§ TASK TO COMPLETE
Give back the lines below verbatim, omitting all pictures.

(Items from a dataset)
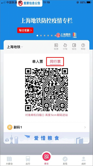 1、 进入乘车页,将二维码切换由“单人票”切换为“同行票” 。
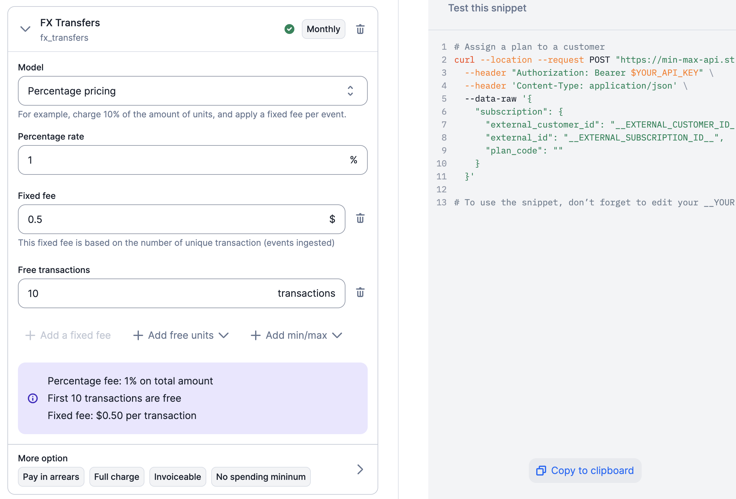 Premium feature ✨: only users with a premium license can define a per-transaction spending minimum and maximum for the percentage pricing model.
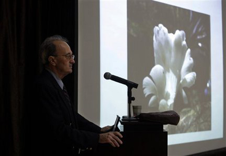 Nhà bệnh dịch học Robert Fontaine thuộc Trung tâm Kiểm soát và Phòng ngừa bệnh dịch Mỹ nói về nấm Tiểu Bạch trong một cuộc hội thảo về hội chứng đột tử Vân Nam tại Bắc Kinh, Trung Quốc vào ngày 13/7.
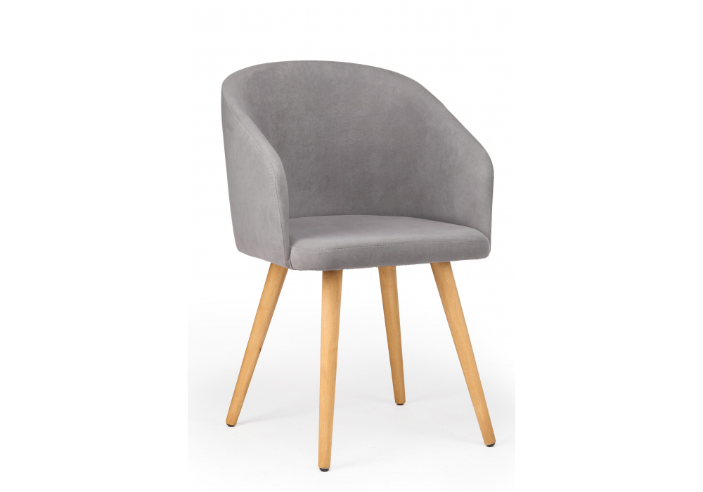 Материал каркаса - дерево; Материал сиденья - велюр; Материал обивки - велюр; Цвет ножек - натуральный; Ширина - 54; Глубина - 56; Высота - 82; Ширина сиденья - 43; Глубина сиденья - 46; Высота сиденья - 49;
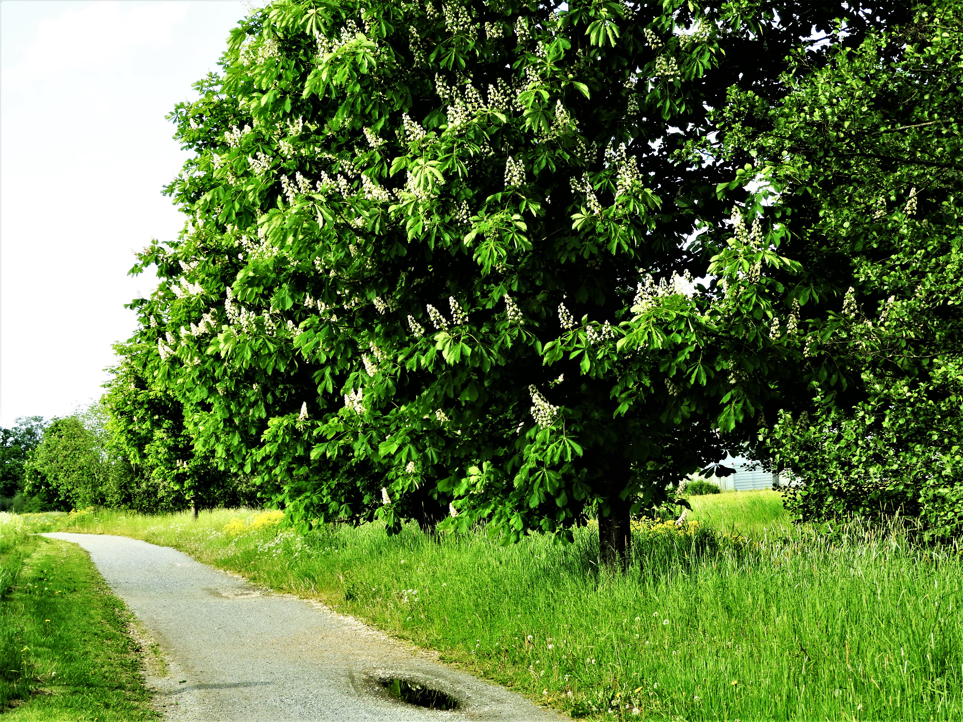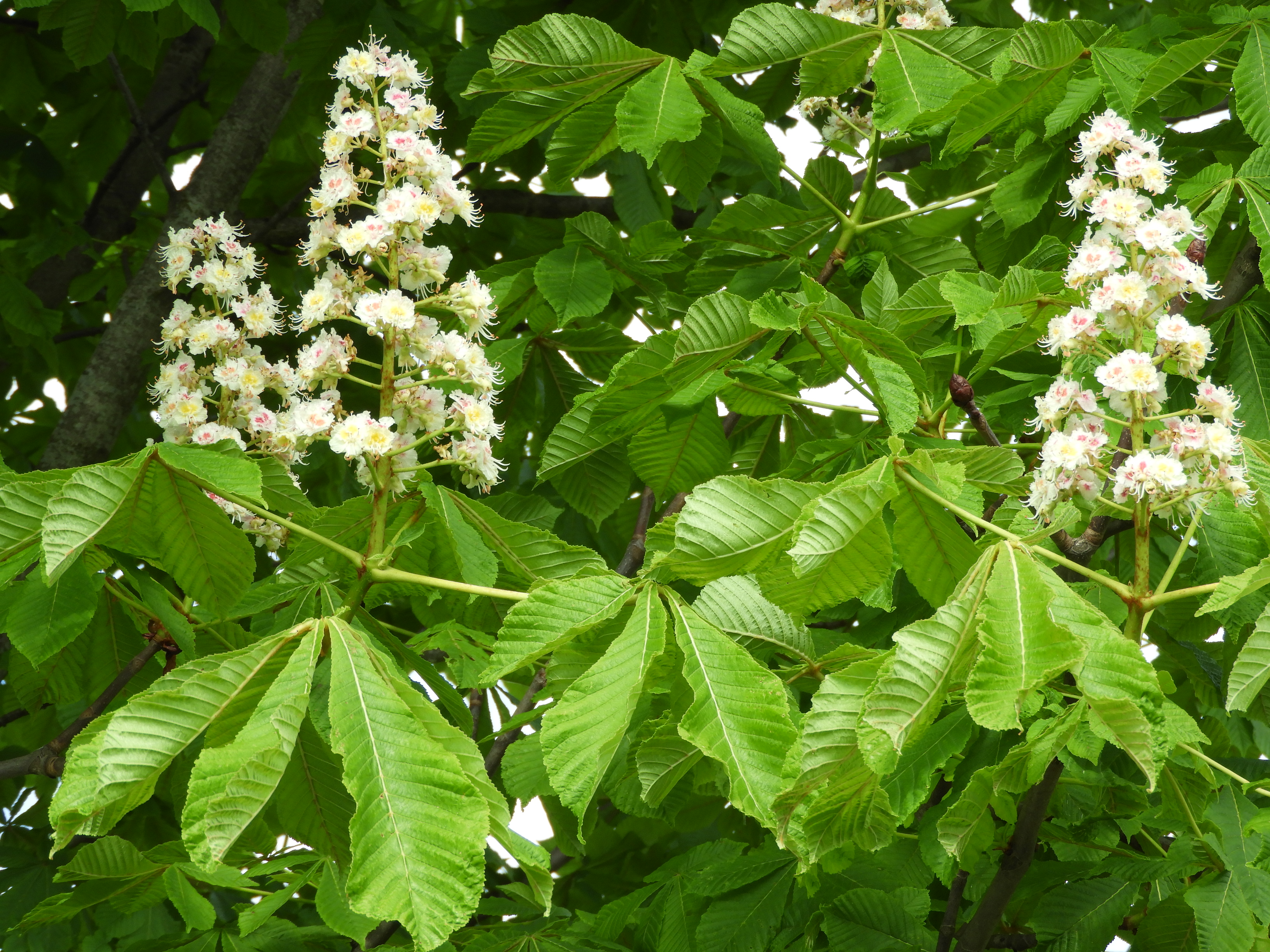 Raden av hästkastanjer mittemot Marabou har plötsligt fått kraftiga kronor och alla blommade.
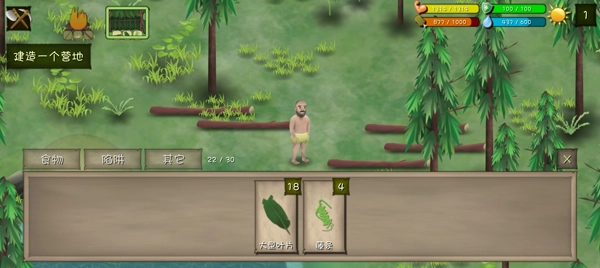 二、【建好营地以后就出去找材料顺便找吃的,边找边吃,晚上回去就做工具做陷阱】

§ REPLY
 1、 进入乘车页,将二维码切换由“单人票”切换为“同行票” 。
 Premium feature ✨: only users with a premium license can define a per-transaction spending minimum and maximum for the percentage pricing model.
 Nhà bệnh dịch học Robert Fontaine thuộc Trung tâm Kiểm soát và Phòng ngừa bệnh dịch Mỹ nói về nấm Tiểu Bạch trong một cuộc hội thảo về hội chứng đột tử Vân Nam tại Bắc Kinh, Trung Quốc vào ngày 13/7.
 Материал каркаса - дерево; Материал сиденья - велюр; Материал обивки - велюр; Цвет ножек - натуральный; Ширина - 54; Глубина - 56; Высота - 82; Ширина сиденья - 43; Глубина сиденья - 46; Высота сиденья - 49;
 Raden av hästkastanjer mittemot Marabou har plötsligt fått kraftiga kronor och alla blommade.
 二、【建好营地以后就出去找材料顺便找吃的,边找边吃,晚上回去就做工具做陷阱】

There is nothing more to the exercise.